When the Jackson litigation costs reforms came into force in 2013, it became rather less attractive for claimants to bring environmental civil claims against their neighbours in respect of, for example, odour nuisance.
Why was this? In short, following the reforms, claimants (assuming they won) could no longer claim their after the event insurance premium or the success fee that they had agreed with their lawyers from the defendant. They had to pay for these things themselves and, in view of the limited damages available for most environmental civil claims, doing so was difficult. Against this backdrop, only the strongest cases and/or cases with significant damages at stake were worth bringing.

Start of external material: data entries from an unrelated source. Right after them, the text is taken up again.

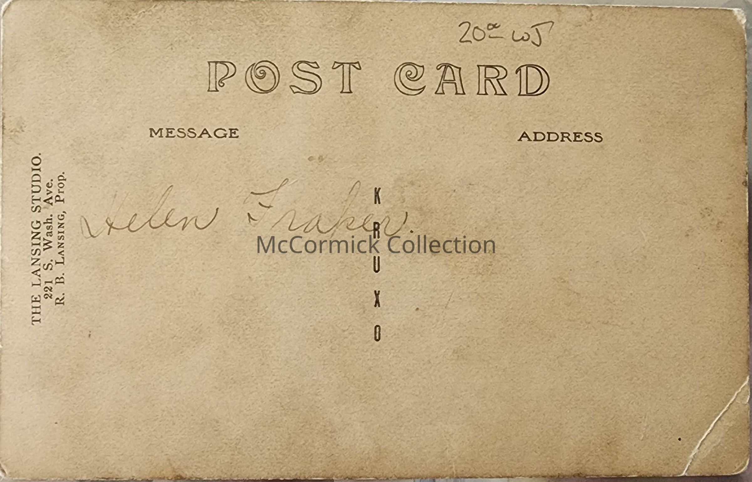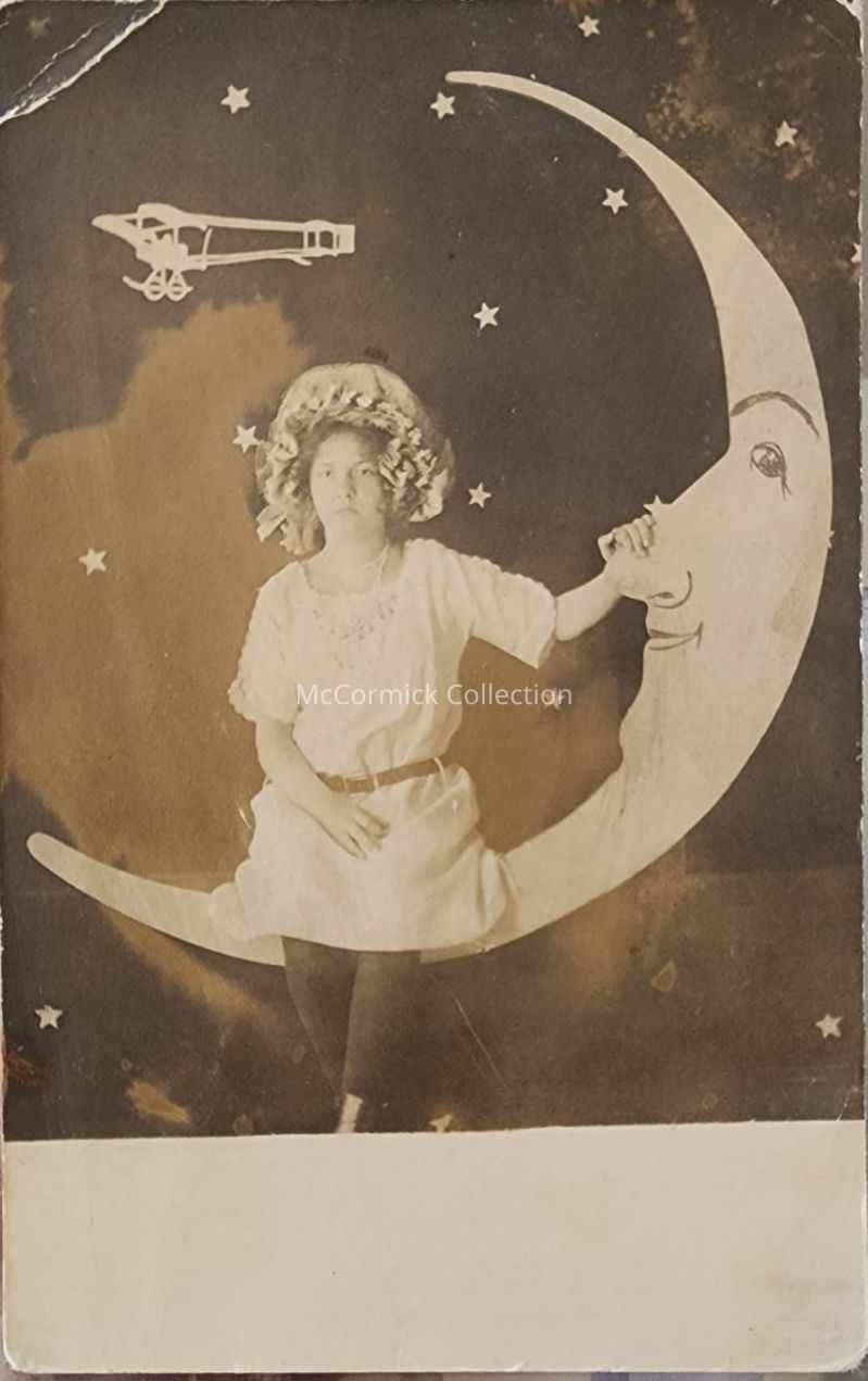 Real photo postcard of Helen Fraker on a paper moon backdrop by Lansing photographer Lansing Studio.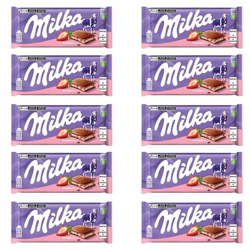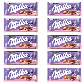 Chocolate Milka Morango Barra Kit Com 10 Unidades De 100G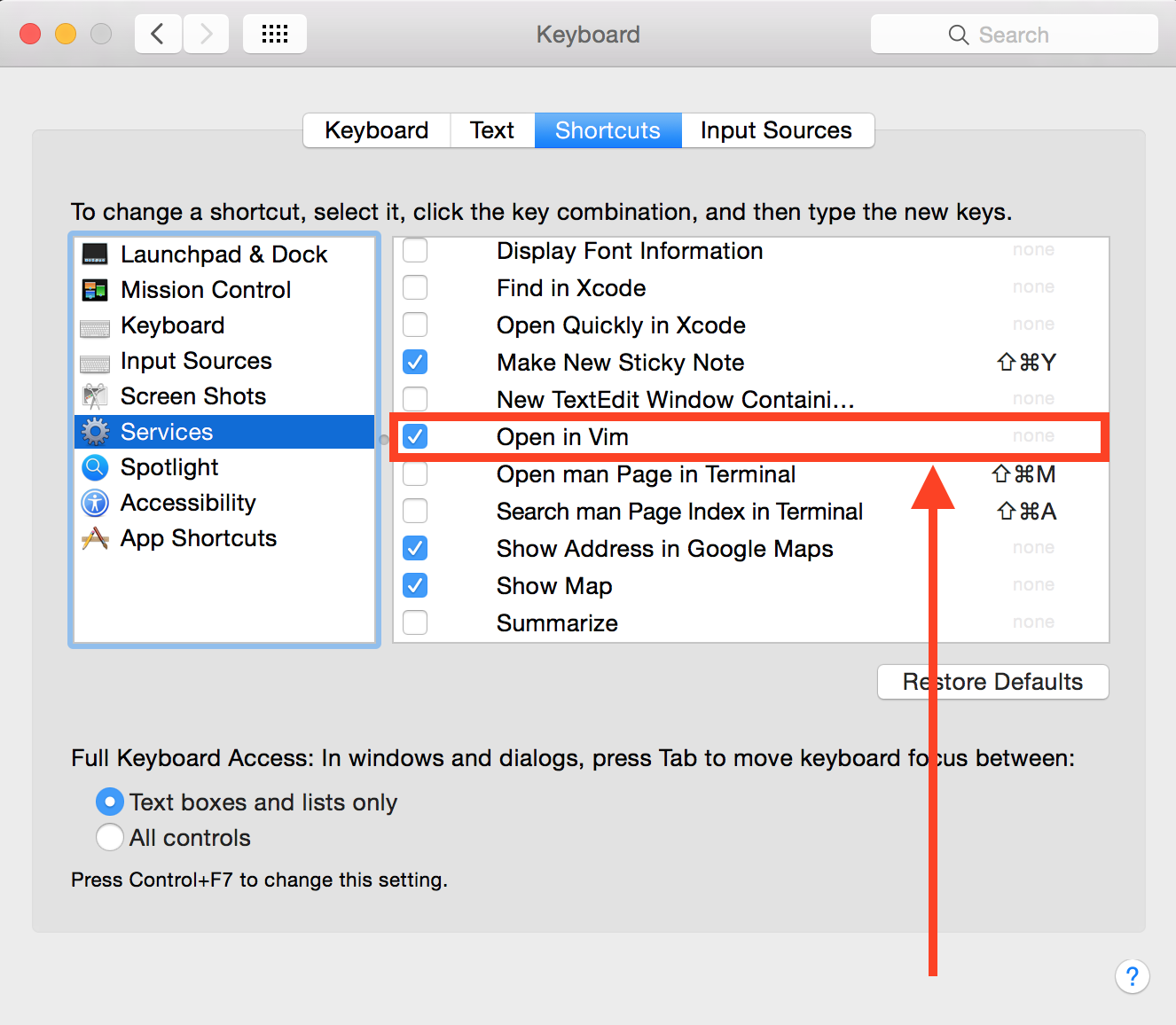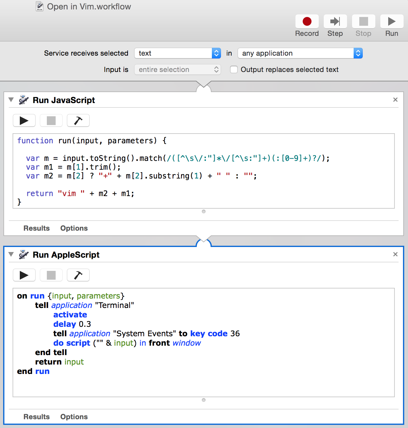 It's an Automator (that robot icon) service, saved under the name "Open in Vim" that chains a Javascript and an Applescript piece of code.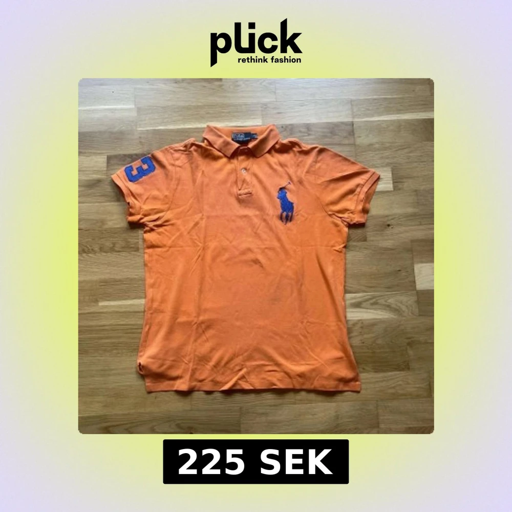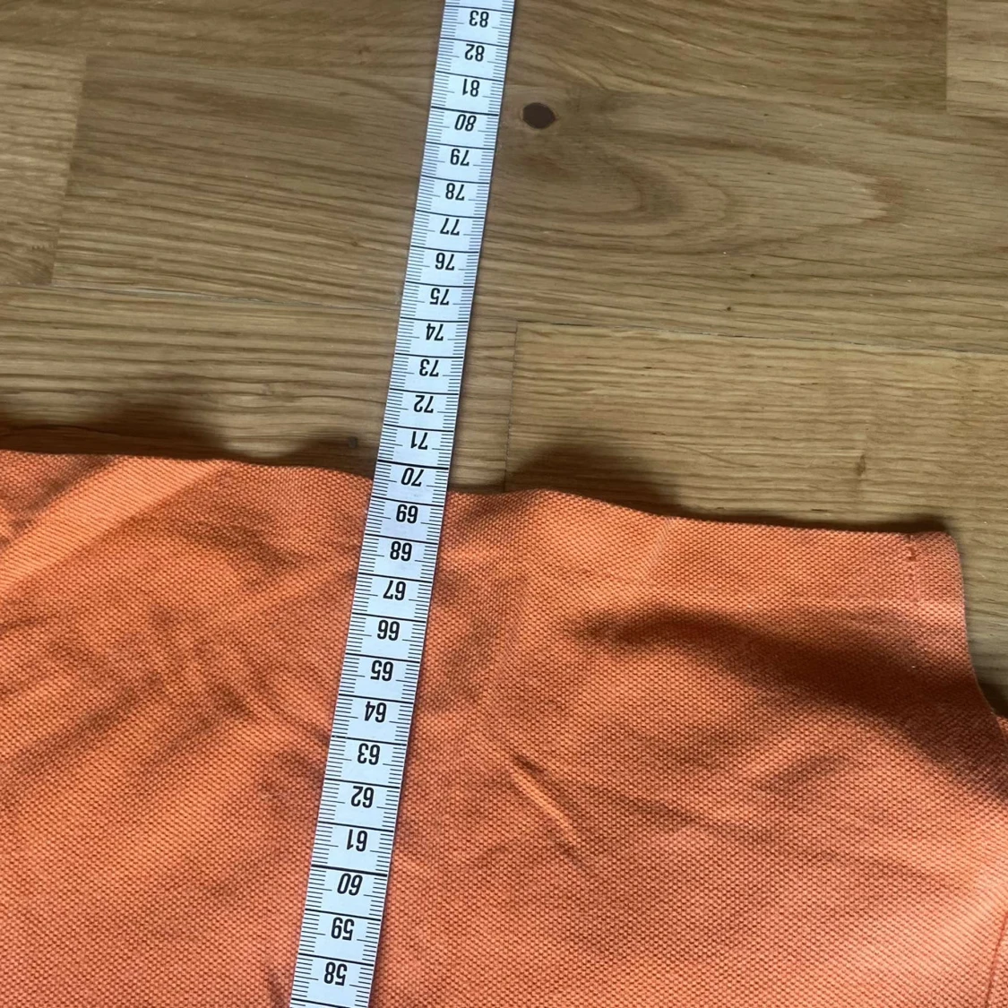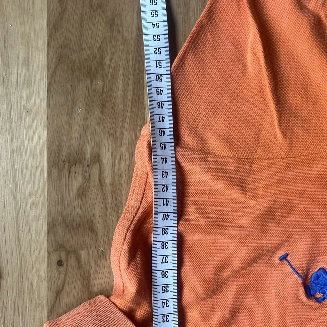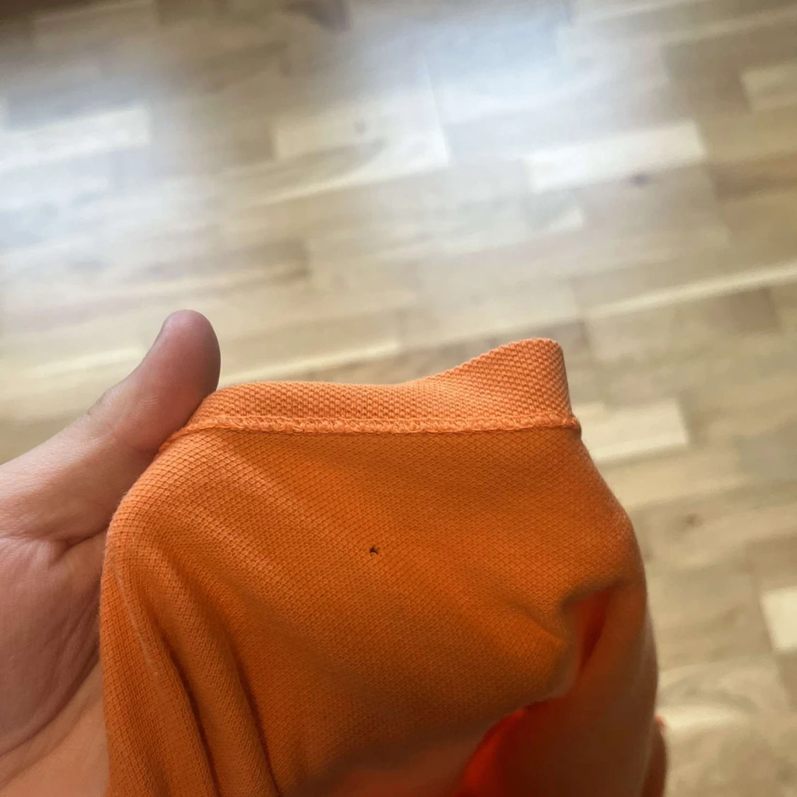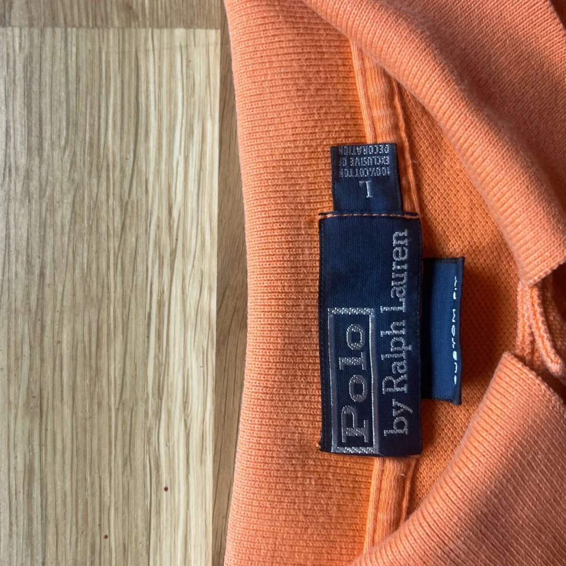 Orange pikétröja från Polo Ralph Lauren med blå broderad logga på bröstet och blå siffra på ärmen. Klassisk krage och knappar framtill. Tillverkad i bomull och har korta ärmar. Perfekt för en chill och sportig look. I använt skick med lite blekt färg och ett litet hål som syns på sista bilden :)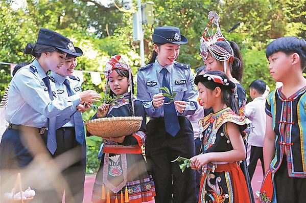 近日,福安市公安局坂中派出所、禁毒大队、情报指挥中心联合福安市坂中中心小学,组成宣传小队,将防溺水、防诈骗、禁毒等知识融入秋游旅程,让畲乡娃在沉浸式体验中收获满满安全技能。警服蓝与畲族服饰的鲜亮碰撞,勾勒出民族团结的暖心画面。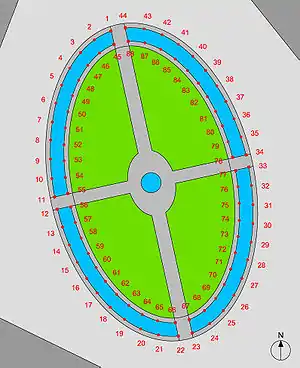 La numeración sigue los números esculpidos en la base de las estatuas.

Environmental civil claims have certainly not dried up completely. Indeed, some very large cases against UK-based companies with overseas operations have recently hit the headlines:
- A significant claim is under way against a UK-domiciled company and its Zambian-domiciled subsidiary by a group of 1,826 Zambian villagers in respect of alleged environmental pollution in Zambia.
- The High Court is considering whether claims can be brought in the UK against Royal Dutch Shell (incorporated in the UK) and its Nigerian subsidiary, the Shell Petroleum Development Company of Nigeria, by two Nigerian communities, who are seeking about £100m in compensation in connection with alleged repeated oil spills from the subsidiary’s pipelines in the Niger Delta.
These, however, are big, high profile cases with significant damages at stake. Overall, claim activity in this area has decreased as a result of the Jackson reforms.
The big question is whether the costs playing field will ever start to tilt more favourably towards claimants to enable smaller, more run-of-the-mill cases to be brought as easily as they once were.
Claimant lawyers have been active in trying to bring about change. Referring to the UNECE Convention on Access to Information, Public Participation in Decision Making and Access to Justice in Environmental Matters (the “Aarhus Convention”, to which the UK is a party), they have tried to claim that environmental civil claims are “prohibitively expensive” to bring as things currently stand and that this – in the absence of anything to rectify the problem – is a breach of a fundamental requirement of the Convention.
Thus far, their efforts have had little traction with the UK courts (see, for example, the 2014 private nuisance case of Austin v Miller Argent (South Wales) Limited, where it was decided that whilst cases in private nuisance can in principle fall within the scope and requirements of the Aarhus Convention, most – including the case of Mrs Austin herself - will not).
Nor have they obtained much traction with the Government, which decided in November 2016 not to extend its current Aarhus Convention-related Environmental Costs Protection Regime to private nuisance cases or to other types of cases which could be brought against private individuals.
The matter is not yet set in stone, however. Notwithstanding the decision that it has taken, the Government has promised to continue considering how best to address perceived costs issues in private nuisance cases and other types of environmental cases which could be brought against private individuals. There is still something to play for.
Weighing heavily in the Government’s mind when it considers this matter again in the future will be the very recent findings of the Aarhus Convention Compliance committee on 29 November 2016 in relation to the costs implications to claimants in private nuisance cases like the Austin case (referred to above). The findings indicate that the Committee is rather more supportive of private nuisance proceedings falling within the scope of the Aarhus Convention than the Government or the courts have been to date, and is not convinced that such proceedings are not prohibitively expensive for claimants to bring.
Developments in this area will be watched with interest.